If the pH of the water is above or below 6.5 you can adjust the water. Use phosphoric acid if too alkaline or potassium hydroxide if too acidic to maintain the solution pH at 6.5. A fertigation formula can be mixed that will be more acid or more alkaline to help balance water pH.

By using an ammonia based nitrogen fertilizer the pH will be reduced and the natural calcium and magnesium in hard water will precipitate out as calcium and magnesium carbonates. So a calcium or magnesium rich high pH water should not be mixed with an ammonia fertilizer.

To avoid the formation of the carbonates a few guidelines are suggested. Many irrigation waters contain enough calcium and magnesium for plant growth (100 ppm for calcium and 50 ppm for magnesium).

Soil should be analyzed

The soil also has properties that influence fertigation. The first is if the soil is clay, loamy or sandy.

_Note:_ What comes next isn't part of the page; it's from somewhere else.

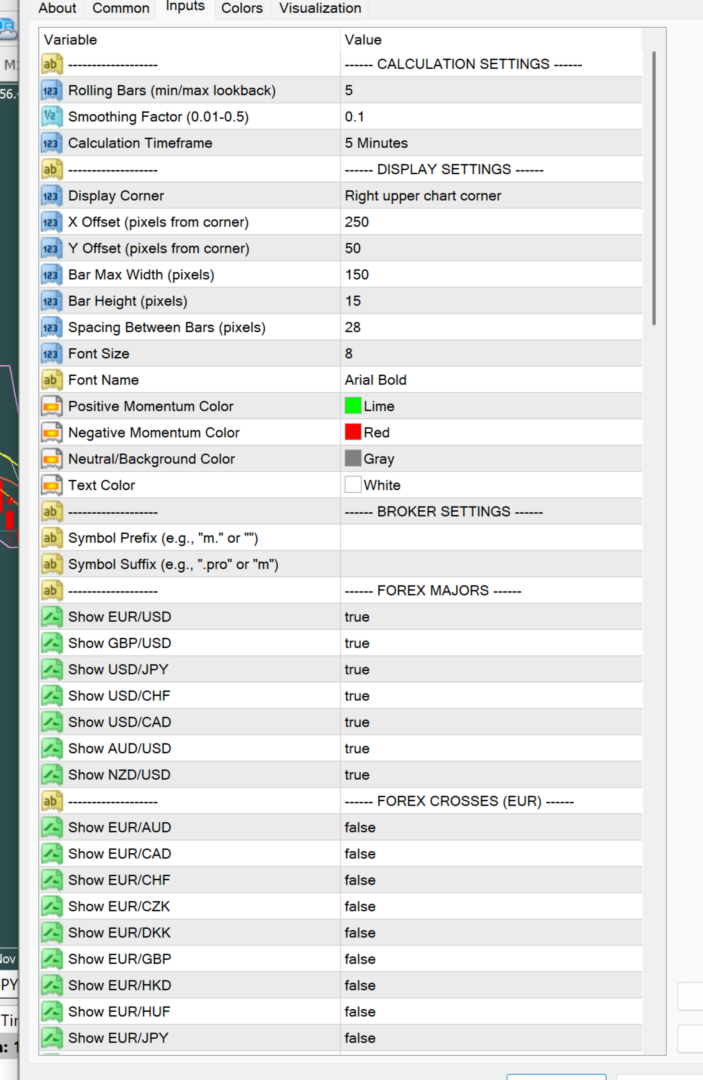 - Variable format: Momentum_EURUSD, Momentum_DXY, etc.

Clay soil requires smaller hole sizes in the drip tubes to deliver less water per hour (0.61 instead of 0.92).

The pH of a soil is a measure of acidity or alkalinity, with soils ranging from 5.0 to 8.5. A pH of 7.0 is neutral and those below 7.0 are acidic, and above are alkaline. A pH of 6.0 to 7.0 is usually adequate. Below 5.5 and above 7.5, soil treatment or modification often is necessary.

For the low pH soils, dolomite lime can be added to the soil to increase pH, and provide both calcium and magnesium. Be sure to use the finely ground dolomite for the course grade can take years to dissolve. If the soil is too alkaline sulfur can be added but often does not work well.

Fertiliser chemicals to use

Fertigation mixtures use some of the same chemicals used in hydroponics, and most commercial farmers mix their own nutrients according to the water and soil tests.

Nutrients that should be tested for in soil are nitrogen, calcium, phosphorus, potassium and magnesium. When any of these nutrients already exists in the soil the amounts required in the nutrient solution can be reduced. For commercial systems or larger production a soil and water analysis should be made and a customized fertigation formula can be blended for the site conditions.